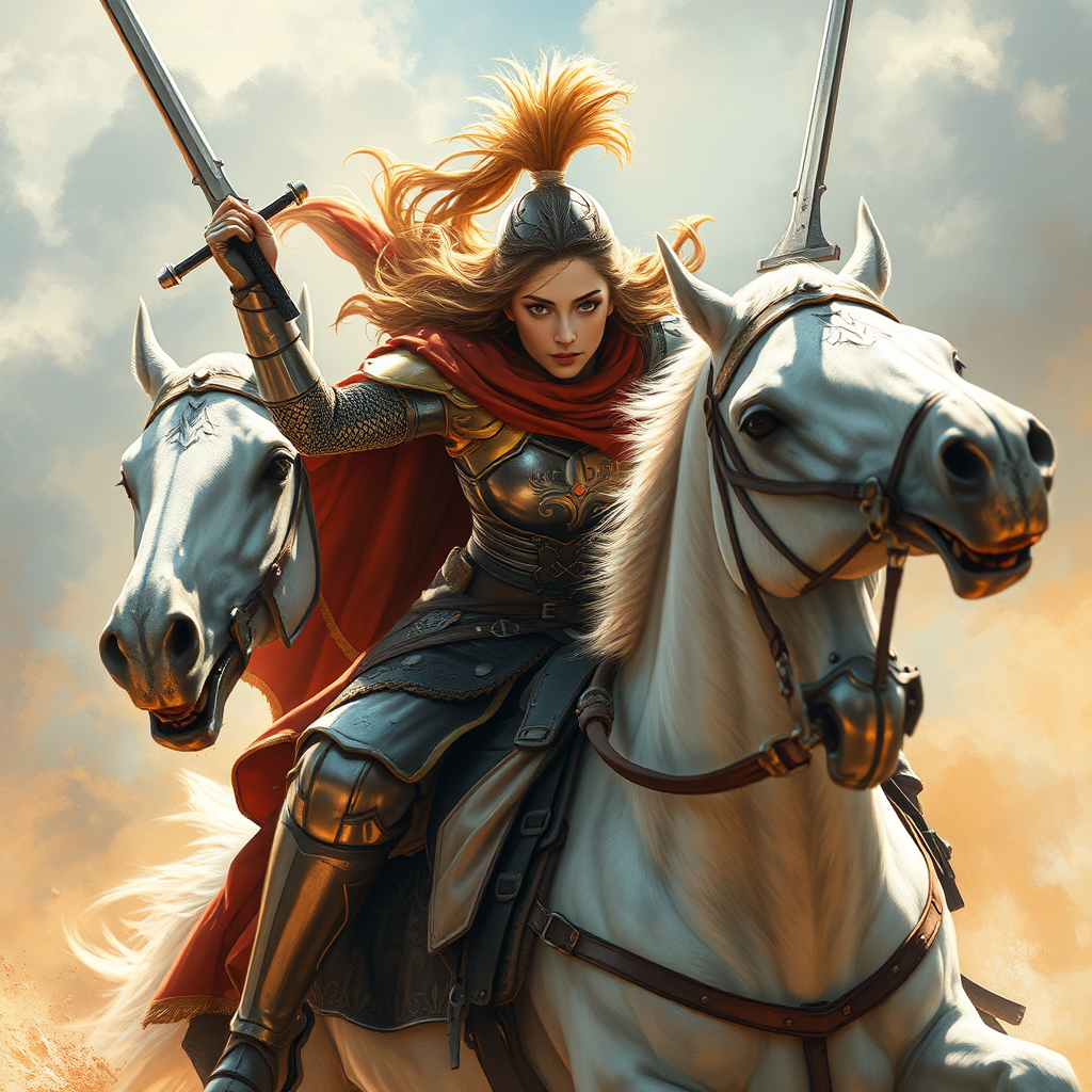 Medieval female knight in action, galloping on a white stallion, striking a heroic pose, detailed features with expressive eyes, masterpiece quality, 8k resolution, photorealistic, inspired by the styles of Jeremy Mann, Sandra Chevrier, and Maciej Kuciara, sharp and lifelike, with realistic lighting and shadows, wielding a gleaming sword, vibrant background, dynamic and powerful presence, exuding courage and strength.
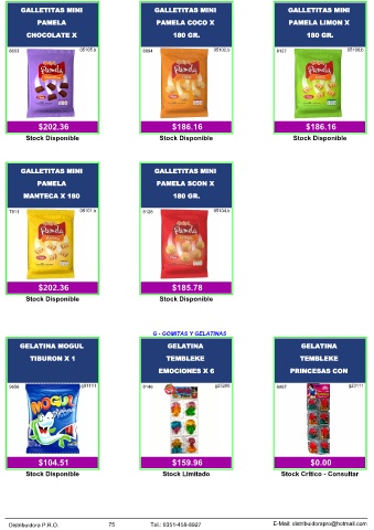 Distribuidora P.R.O. 75 Tel.: 0351-458-8927 E-Mail: distribuidorapro@hotmail.com
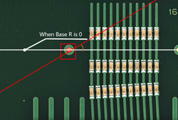 La nouvelle vérification de l’alignement de plusieurs composants simplifie la programmation de l’YRi-V pour mesurer la distance entre des modules comme les émetteurs LED pour l’automobile ou l’éclairage général. Pour fabriquer des phares de voiture, les utilisateurs peuvent tirer profit des données capturées par l’AOI pour optimiser le placement de chaque optique de phare afin que la performance d’éclairage soit maximale. La vérification de l’alignement peut servir à contrôler l’espacement entre de nombreux autres types de composants, comme les capteurs à effet Hall.

ACTION ITEM: Every line from the start of the material through the line containing "Distribuidora P.R.O. 75" is needed exactly as written; the pictures are not.

SOLVED PROBLEM:
 Medieval female knight in action, galloping on a white stallion, striking a heroic pose, detailed features with expressive eyes, masterpiece quality, 8k resolution, photorealistic, inspired by the styles of Jeremy Mann, Sandra Chevrier, and Maciej Kuciara, sharp and lifelike, with realistic lighting and shadows, wielding a gleaming sword, vibrant background, dynamic and powerful presence, exuding courage and strength.
 Distribuidora P.R.O. 75 Tel.: 0351-458-8927 E-Mail: distribuidorapro@hotmail.com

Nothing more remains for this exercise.